A simple starting point is a net worth of $20 million in investable assets. Unless one is obsessed with keeping up appearances with friends in Silicon Valley or within the New York–Greenwich axis, there really is little need to worry about money at this rarefied level. Assuming your estate is free and clear and the children’s tuitions are provided for, the biggest threats to financial security are financial charlatans, a megalomaniacal ego or sheer financial stupidity. Assuming a 5% after-tax return on investment, a $1 million income is more than sufficient for all but the insufferably materialistic.
A $10 million net worth is admittedly only half as impressive but still very respectable. It allows for a comfortable life, private schools for the kids, fancy club memberships and memorable exotic vacations. At this level, one might still strive hard at work if the embers of personal ambition have not been fulfilled, but there is also the luxury of spending time doing what one “wants” or believes is “meaningful.”
A $5 million net worth is a common goal for many successful people who dream of financial independence. Again, assuming the mortgage is paid off and the kids are close to leaving the nest, an after-tax income of $250,000 can provide most normal couples a comfortable upper middle income lifestyle and insulation from the unpleasantness and small indignities of everyday life. The problem is that many people in 2001 who thought that this goal was within reach discovered in 2011 that they are no closer to this objective than they were a decade ago. Two bear markets, inflation and an increasingly competitive marketplace have kept them essentially on the same treadmill. Now older and more cognizant of their health and mortality, they may have to defer their plans or modify downward their expectations.
Finally, a $2 million net worth is the dividing line between some degree of financial security and the inescapable anxieties of trying to maintain a middle-class life. An after-tax income of $100,000 will require that one be careful with expenses and actively manage the investment portfolio so that one does not outlive one’s assets. Reaching or maintaining this level is a worthwhile goal for adults who do not wish to devote an inordinate amount of their energies fending off the wolf at their door.
Alas, if you can identify yourself in this financial topography, congratulations! Whether as a lawyer, doctor, corporate manager, small business owner, active investor or even a laughing heir, you have worked hard, saved steadily and accumulated a substantial amount of capital.
However, if your net worth still falls short of the lowest rung of financial security, do not despair! You may yet find consolation in these eternal truths: pathetic is the person who, surrounded by life’s material blessings, nevertheless finds reasons to be miserable. Conversely, a person who is content, feeling neither envy nor want, has already arrived at true wealth.
“The aim of psychoanalysis is to
convert neurotic misery into everyday unhappiness.”
-Sigmund Freud
Market Misery…..Or Just Everyday Unhappiness?

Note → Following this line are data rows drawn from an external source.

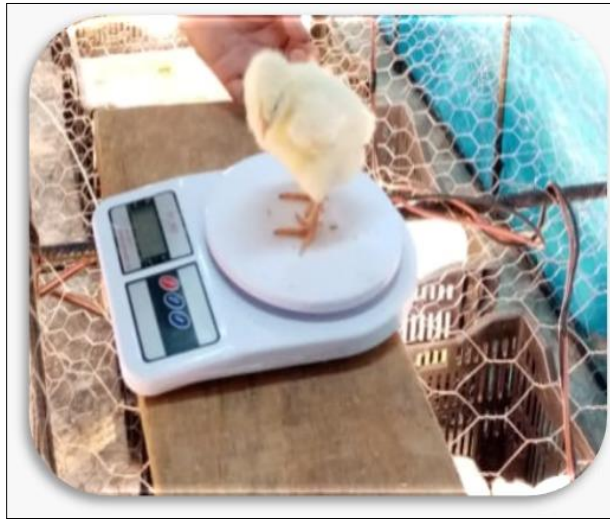
Figura 3. Polluelo de la línea Cobb 500 al inicio de la engorda.

La figura 1 permitió observar las tres etapas de la producción (Rebollar Rebollar et al., 2023) de pollos de engorda. En la etapa I las aves presentaron rendimientos (incremento del peso in vivo ) marginales crecientes; mientras que en la II (etapa rentable) los incrementos marginales de peso de las aves fueron decrecientes pero positivos hasta el punto en el que la pendiente de la función es cero (límite de la etapa II) con un nivel de uso del insumo variable de 9.90; después de ese nivel de consumo de alimento acumulado, la tasa ganancia del peso fue decreciente y negativa (rendimientos marginales decrecientes y negativos).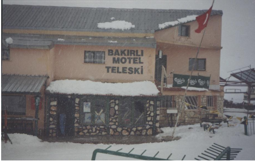
Foto 5. Konaklama tesislerinden Bakırlı Motel

In Antalya As A Winter Tourism Center Which is Less Known: Saklıkent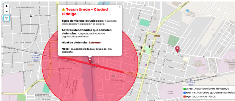
Figura 4. Globos Rojos: Zonas de Mayor Riesgo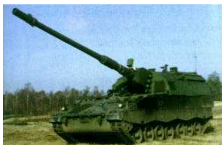
Впервые в боевых операциях применены 155-мм самоходные гаубицы PzH 2000, изготовленные фирмой Krauss-Maffei Wegmann (ФРГ).

В заявлении от 5 сентября 2006 г. Министерство Обороны (МО) Голландии заявило, что две из трех гаубиц PzH 2000, находившихся в провинции Урузган (южный Афганистан), передислоцировались в соседнюю провинцию Кандагар для поддержки канадского и афганского контингента войск численностью 2000 человек, принимающих участие в операции «Медуза».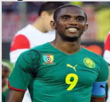
Samuel Eto'o, capitaine des Lions "domptés"

caines que l'on croyait perdues refont surface, le Cameroun aura bu le calice jusqu'à la lie. Le Nigeria peut tirer son épingle du jeu tandis que le Ghana a sa destinée entre ses mains. L'Algérie nous surprendra joliment. Quant aux Camerounais, ils regarderont le reste de la compétition devant leurs petits écrans. Tout ça pour ça ?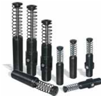
【エニダイン(株)】 http://www.enidine.co.jp/ 資料請求番号：22-147

当社製品のモデルチェンジした産業用ショックアブソーバです。当社従来品に対し、吸収エネルギー容量が60%UPし、ストッパーとしても使用が可能です。更に、従来の調整ダイヤルの突起をなくし、設置時の緩衝を解消しました。自動車業界も含め一般産業界において最も広く採用されている弊社ショックアブソーバの後継機種になります。調整型の OEMXT1.5・2.0 シリーズと固定型の PMXT 1500/2000 シリーズがあります。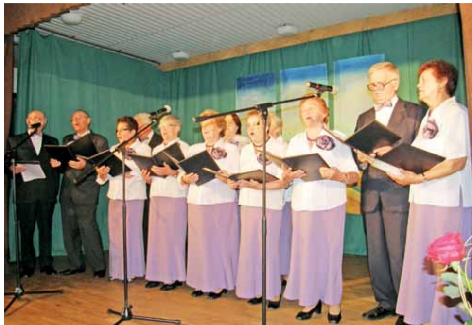
„Wrzos” śpiewał podczas jubileuszu 50-lecia par małżeńskich niejednokrotnie. To występ z 25 lipca 2010 roku.

15 lutego tego roku seniorzy bawili się w miejscowej remi-

The first half of 2011 just concluded with a volatile, messy Q2 full of bad economic news, confusing market signals and a surfeit of anxiety for investors of all persuasions. Yet, one’s outlook for the second half of 2011 is largely a function of attitude, expectations and nerves. As Freud suggests, in one of his most famous observations about the therapeutic process, being optimistic or pessimistic has everything to do with setting realistic and attainable goals.

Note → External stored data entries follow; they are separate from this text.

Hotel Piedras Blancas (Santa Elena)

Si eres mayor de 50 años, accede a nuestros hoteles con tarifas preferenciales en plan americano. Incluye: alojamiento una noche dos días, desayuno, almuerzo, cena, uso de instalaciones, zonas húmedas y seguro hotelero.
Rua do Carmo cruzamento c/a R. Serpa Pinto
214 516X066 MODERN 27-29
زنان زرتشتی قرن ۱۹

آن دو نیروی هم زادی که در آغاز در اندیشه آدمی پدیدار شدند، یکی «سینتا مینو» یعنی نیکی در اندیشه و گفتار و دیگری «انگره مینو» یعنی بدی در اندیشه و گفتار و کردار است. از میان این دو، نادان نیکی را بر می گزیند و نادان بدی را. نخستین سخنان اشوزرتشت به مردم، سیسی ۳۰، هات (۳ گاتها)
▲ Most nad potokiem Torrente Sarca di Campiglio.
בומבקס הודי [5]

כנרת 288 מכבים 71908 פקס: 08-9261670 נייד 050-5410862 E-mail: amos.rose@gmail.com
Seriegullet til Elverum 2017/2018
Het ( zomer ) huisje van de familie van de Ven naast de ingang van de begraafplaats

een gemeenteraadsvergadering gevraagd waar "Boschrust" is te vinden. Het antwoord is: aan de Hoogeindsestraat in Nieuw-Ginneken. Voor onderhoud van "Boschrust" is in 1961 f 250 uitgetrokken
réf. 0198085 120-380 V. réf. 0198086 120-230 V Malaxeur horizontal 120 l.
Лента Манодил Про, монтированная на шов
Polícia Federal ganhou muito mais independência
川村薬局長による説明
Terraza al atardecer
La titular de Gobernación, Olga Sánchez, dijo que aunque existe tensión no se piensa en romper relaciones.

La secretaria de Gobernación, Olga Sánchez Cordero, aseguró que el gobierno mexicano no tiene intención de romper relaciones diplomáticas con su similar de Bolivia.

After a promising Q1, April quickly deteriorated into virtually eight straight weeks of market losses. It was all too reminiscent of the 1H action of 2010 when the S&P rose +4.9% in Q1, only to collapse by -11.9% in Q2. If not for a wholly unexpected 6% market melt-up in the last week of June, most worldwide equity indices would have shown modest losses YTD. Such as it is, investors limp into July with reasonable gains, albeit accompanied by a little nauseous whiplash.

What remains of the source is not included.